* [THE PROBLEM]: Only one stretch of the data below is wanted: the lines starting at the one with "Hoppy is a tailed" and ending at the one with "和倉温泉駅では、和倉温泉のゆるキャラ「わくたまくん」がお出迎えしてくれます!", both included, given again exactly.

* [TASK INPUT]:
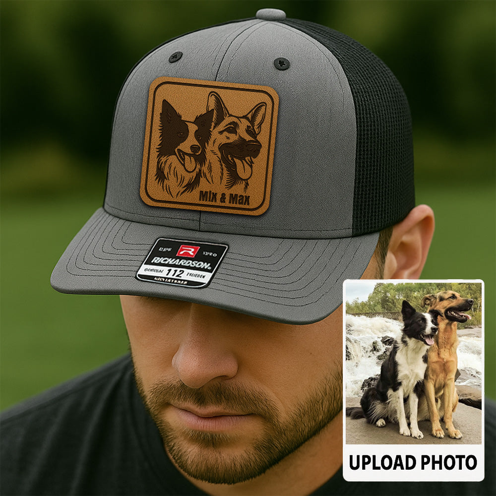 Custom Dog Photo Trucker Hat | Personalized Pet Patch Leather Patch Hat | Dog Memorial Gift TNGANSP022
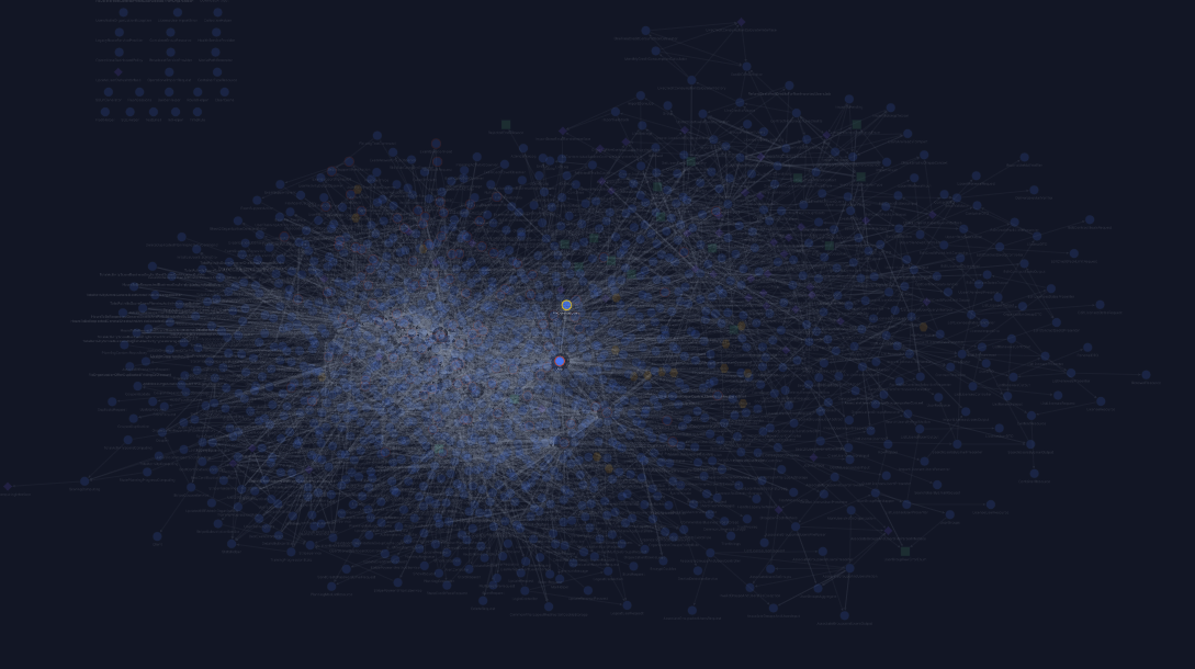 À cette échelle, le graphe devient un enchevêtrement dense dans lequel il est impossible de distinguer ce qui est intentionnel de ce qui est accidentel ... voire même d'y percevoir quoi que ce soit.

==

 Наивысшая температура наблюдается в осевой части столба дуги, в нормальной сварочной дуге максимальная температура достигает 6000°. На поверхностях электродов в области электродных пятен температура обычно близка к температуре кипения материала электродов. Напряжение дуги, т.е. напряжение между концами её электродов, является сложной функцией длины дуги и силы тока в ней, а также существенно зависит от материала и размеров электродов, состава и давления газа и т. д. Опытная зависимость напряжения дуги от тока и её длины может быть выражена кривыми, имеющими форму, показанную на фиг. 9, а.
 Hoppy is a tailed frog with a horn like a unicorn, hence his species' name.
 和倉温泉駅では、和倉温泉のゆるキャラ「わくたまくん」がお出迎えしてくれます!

--

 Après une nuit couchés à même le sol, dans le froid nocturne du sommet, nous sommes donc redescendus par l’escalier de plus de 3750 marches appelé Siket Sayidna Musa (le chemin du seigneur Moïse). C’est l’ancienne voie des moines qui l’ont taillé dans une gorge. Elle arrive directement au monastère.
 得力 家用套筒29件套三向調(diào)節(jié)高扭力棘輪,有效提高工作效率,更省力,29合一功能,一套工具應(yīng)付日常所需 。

* [ANSWER SECTION]:
 Hoppy is a tailed frog with a horn like a unicorn, hence his species' name.
 和倉温泉駅では、和倉温泉のゆるキャラ「わくたまくん」がお出迎えしてくれます!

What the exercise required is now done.